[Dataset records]
________________________________________

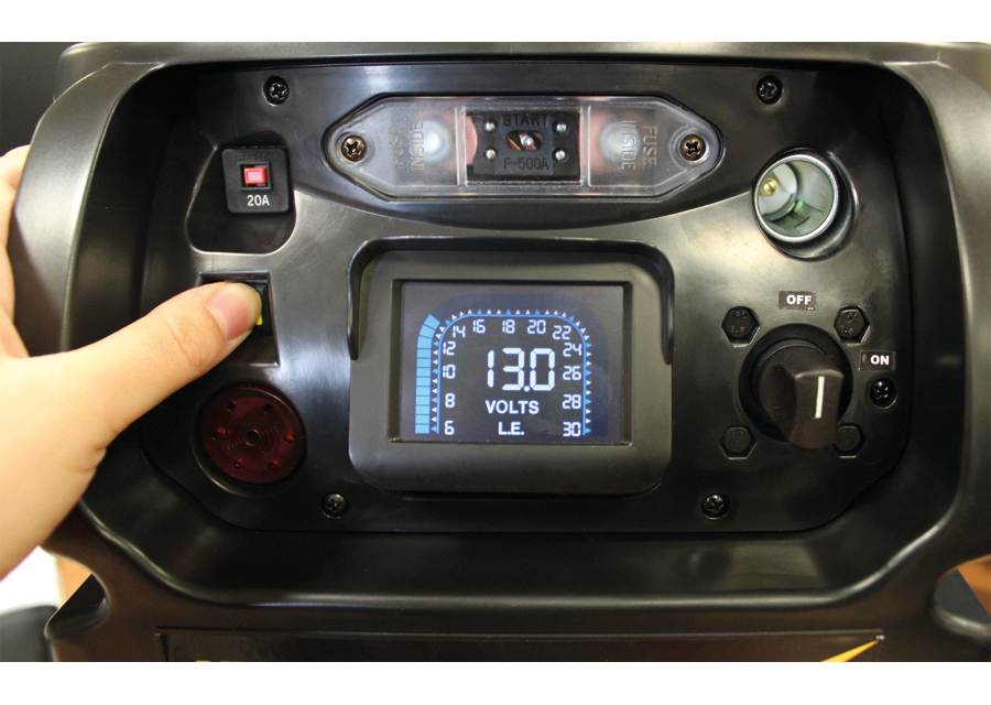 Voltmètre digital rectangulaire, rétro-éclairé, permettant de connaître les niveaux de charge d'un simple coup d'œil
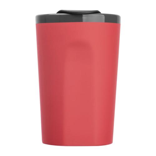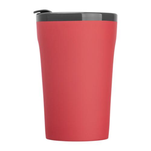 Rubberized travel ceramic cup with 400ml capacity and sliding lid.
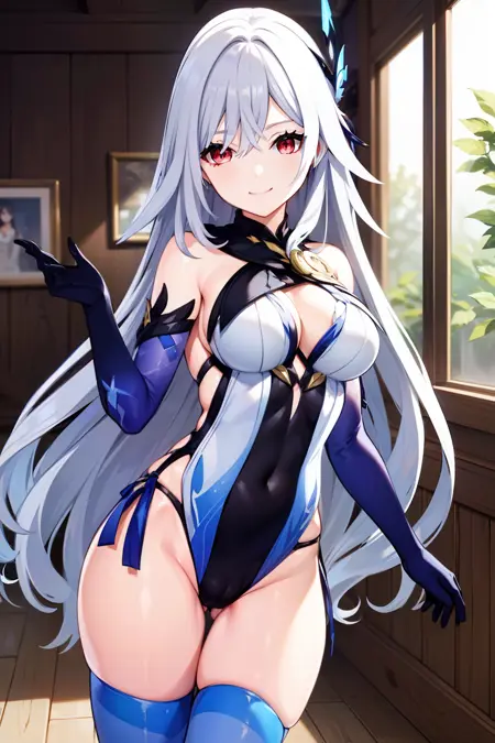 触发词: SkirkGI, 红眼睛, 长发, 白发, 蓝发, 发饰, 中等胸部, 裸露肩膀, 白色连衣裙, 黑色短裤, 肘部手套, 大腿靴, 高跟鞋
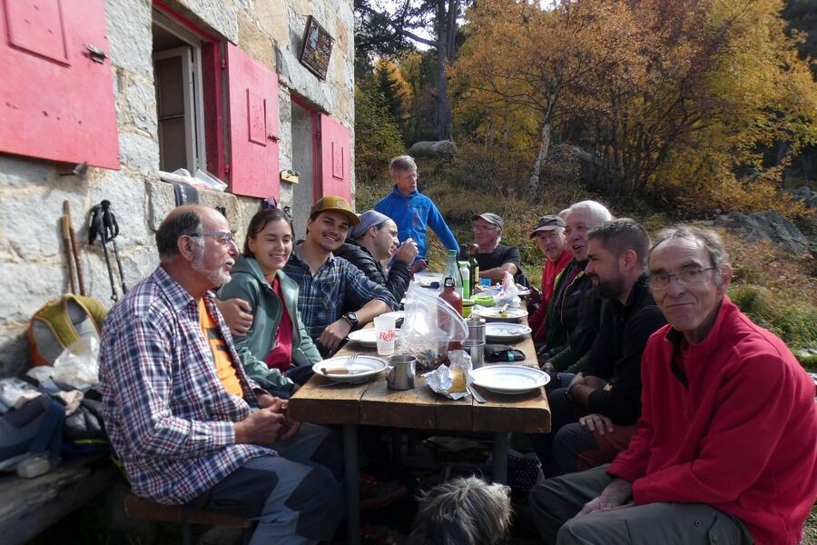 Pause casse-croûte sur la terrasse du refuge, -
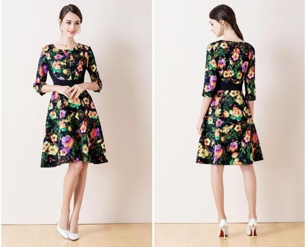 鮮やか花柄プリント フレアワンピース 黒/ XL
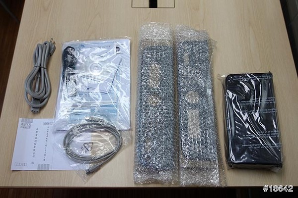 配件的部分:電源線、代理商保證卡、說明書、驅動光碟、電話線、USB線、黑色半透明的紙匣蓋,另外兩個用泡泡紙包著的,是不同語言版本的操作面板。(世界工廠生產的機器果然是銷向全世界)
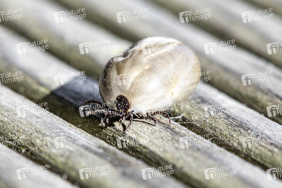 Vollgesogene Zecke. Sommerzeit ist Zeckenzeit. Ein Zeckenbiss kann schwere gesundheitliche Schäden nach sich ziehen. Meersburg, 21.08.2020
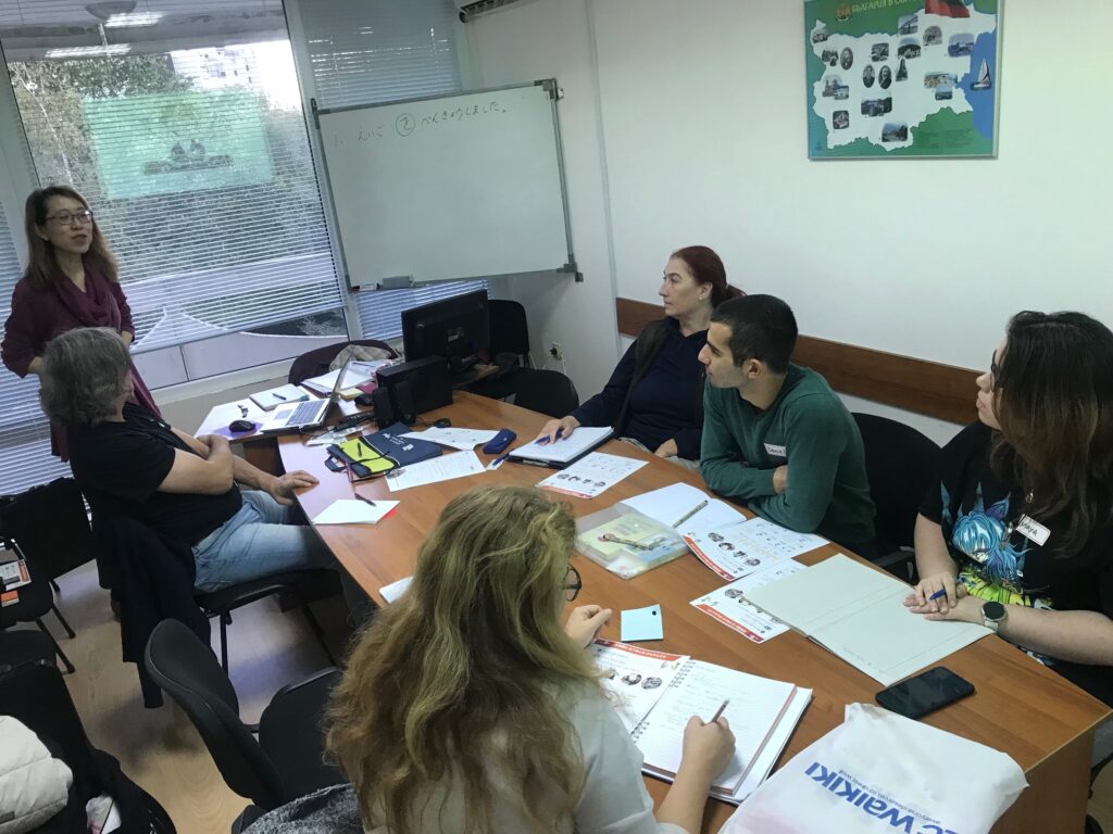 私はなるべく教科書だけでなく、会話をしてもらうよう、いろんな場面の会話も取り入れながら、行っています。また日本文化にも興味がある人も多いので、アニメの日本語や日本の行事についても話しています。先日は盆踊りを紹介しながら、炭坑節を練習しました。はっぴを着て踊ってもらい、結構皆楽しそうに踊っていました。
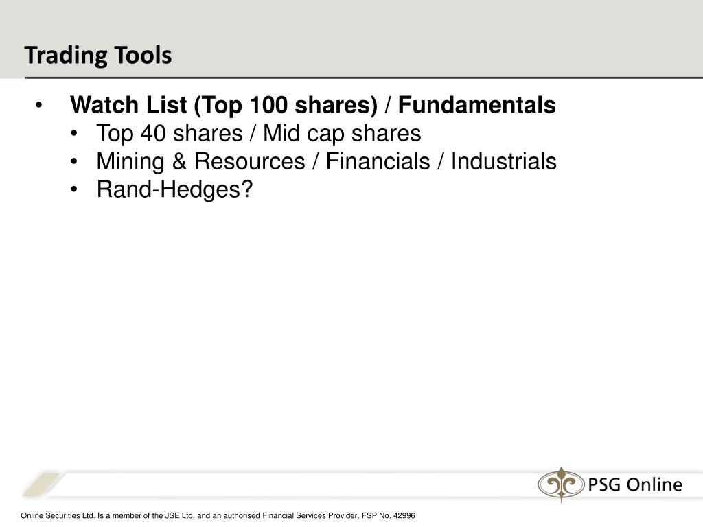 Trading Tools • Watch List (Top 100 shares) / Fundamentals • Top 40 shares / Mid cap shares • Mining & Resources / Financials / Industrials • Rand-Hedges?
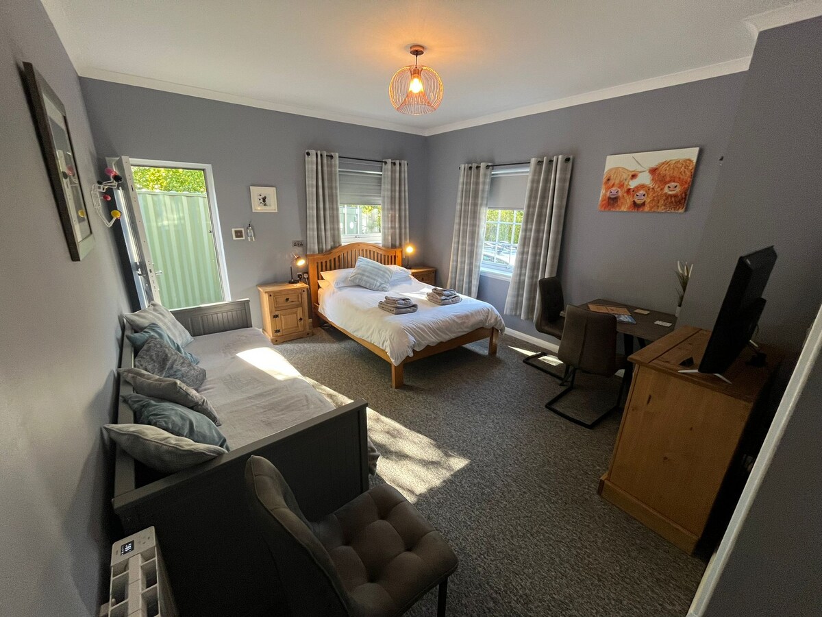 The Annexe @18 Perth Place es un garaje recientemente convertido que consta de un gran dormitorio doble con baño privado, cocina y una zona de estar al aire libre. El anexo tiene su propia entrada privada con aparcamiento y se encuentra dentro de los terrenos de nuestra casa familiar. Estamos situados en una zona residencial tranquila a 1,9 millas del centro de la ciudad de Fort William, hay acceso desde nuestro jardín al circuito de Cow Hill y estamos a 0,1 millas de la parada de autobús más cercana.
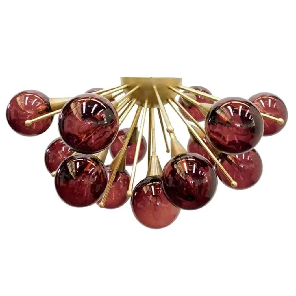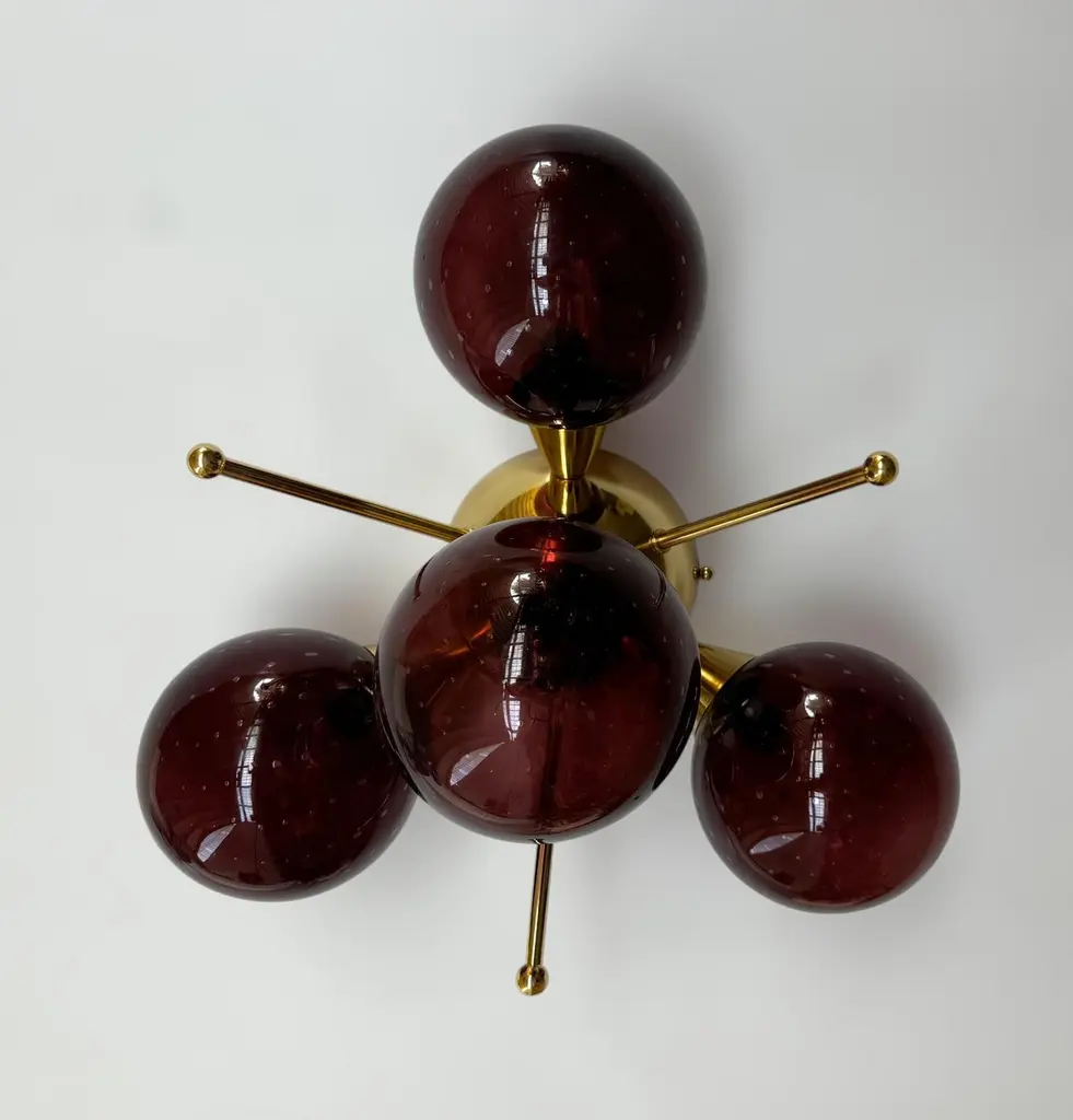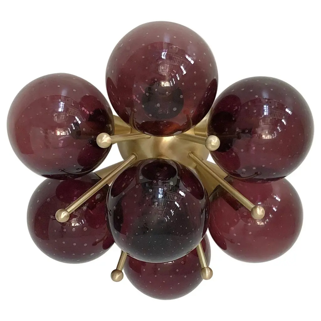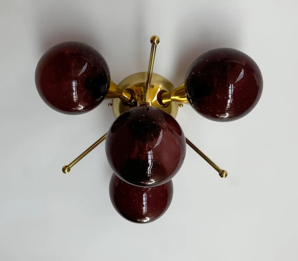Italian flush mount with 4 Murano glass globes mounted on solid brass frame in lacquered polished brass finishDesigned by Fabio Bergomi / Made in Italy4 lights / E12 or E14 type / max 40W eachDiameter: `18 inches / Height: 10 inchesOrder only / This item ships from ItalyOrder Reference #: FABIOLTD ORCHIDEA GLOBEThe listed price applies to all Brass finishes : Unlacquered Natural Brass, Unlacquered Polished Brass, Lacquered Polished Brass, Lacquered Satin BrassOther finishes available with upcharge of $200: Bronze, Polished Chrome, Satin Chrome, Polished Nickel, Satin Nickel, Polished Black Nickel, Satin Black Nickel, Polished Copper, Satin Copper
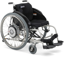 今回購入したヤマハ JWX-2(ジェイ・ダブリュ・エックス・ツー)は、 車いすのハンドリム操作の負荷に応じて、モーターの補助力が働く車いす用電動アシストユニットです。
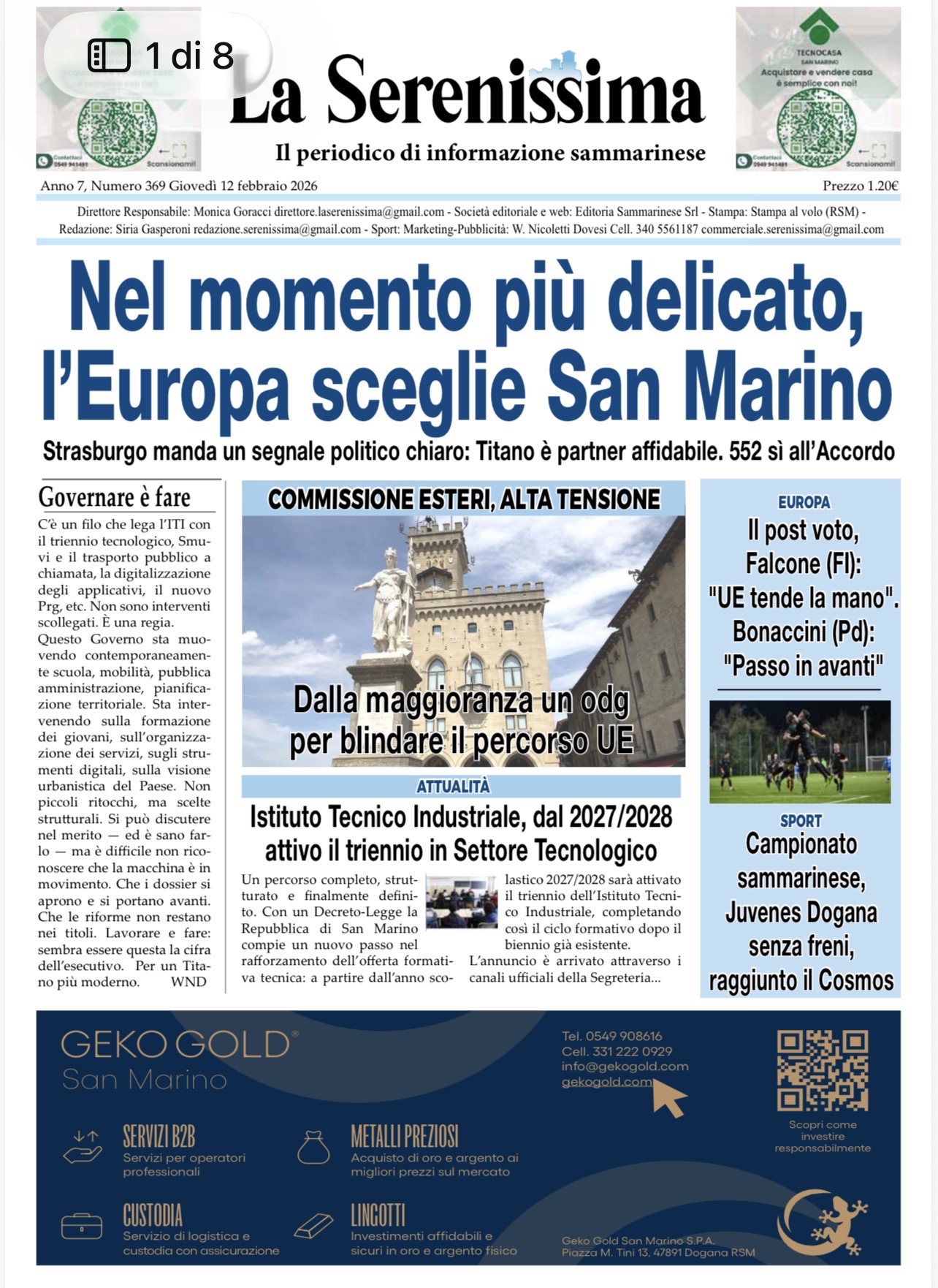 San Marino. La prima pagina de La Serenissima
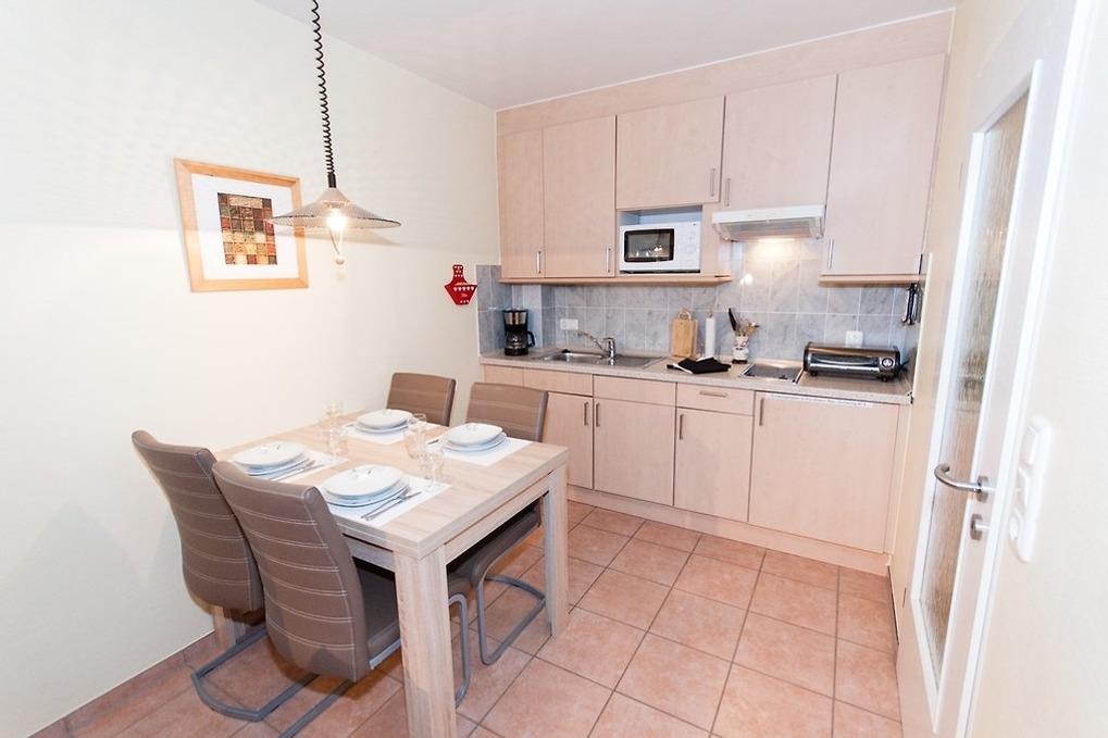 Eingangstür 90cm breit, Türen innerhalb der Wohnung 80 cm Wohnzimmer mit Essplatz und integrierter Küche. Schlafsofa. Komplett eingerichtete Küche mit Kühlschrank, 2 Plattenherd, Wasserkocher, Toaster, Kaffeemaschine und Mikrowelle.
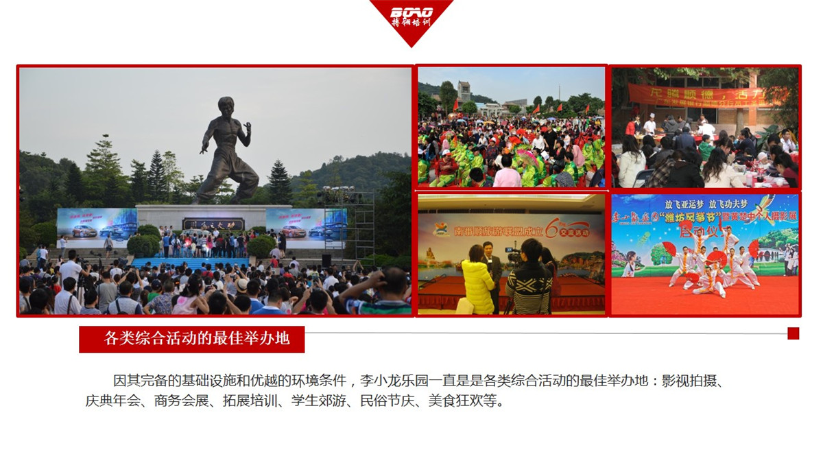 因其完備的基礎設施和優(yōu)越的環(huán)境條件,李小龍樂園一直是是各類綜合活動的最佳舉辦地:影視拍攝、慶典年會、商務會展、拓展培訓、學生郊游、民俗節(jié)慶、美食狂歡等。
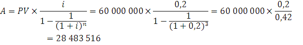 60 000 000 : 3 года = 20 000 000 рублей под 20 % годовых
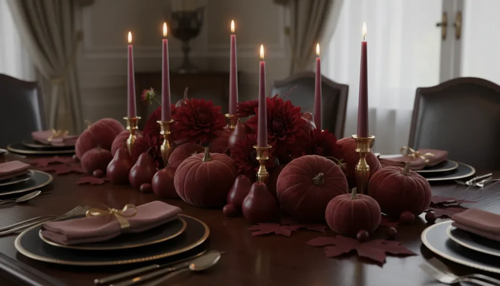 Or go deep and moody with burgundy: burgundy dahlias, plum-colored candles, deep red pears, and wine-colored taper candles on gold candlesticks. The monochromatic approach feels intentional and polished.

________________________________________

_Work request:_ Reproduce only the lines from the first line of the entries through the line containing "鮮やか花柄プリント フレアワンピース 黒/ XL", exactly and with both ends kept. Omit the pictures.

_Solution for this problem:_
 Voltmètre digital rectangulaire, rétro-éclairé, permettant de connaître les niveaux de charge d'un simple coup d'œil
 Rubberized travel ceramic cup with 400ml capacity and sliding lid.
 触发词: SkirkGI, 红眼睛, 长发, 白发, 蓝发, 发饰, 中等胸部, 裸露肩膀, 白色连衣裙, 黑色短裤, 肘部手套, 大腿靴, 高跟鞋
 Pause casse-croûte sur la terrasse du refuge, -
 鮮やか花柄プリント フレアワンピース 黒/ XL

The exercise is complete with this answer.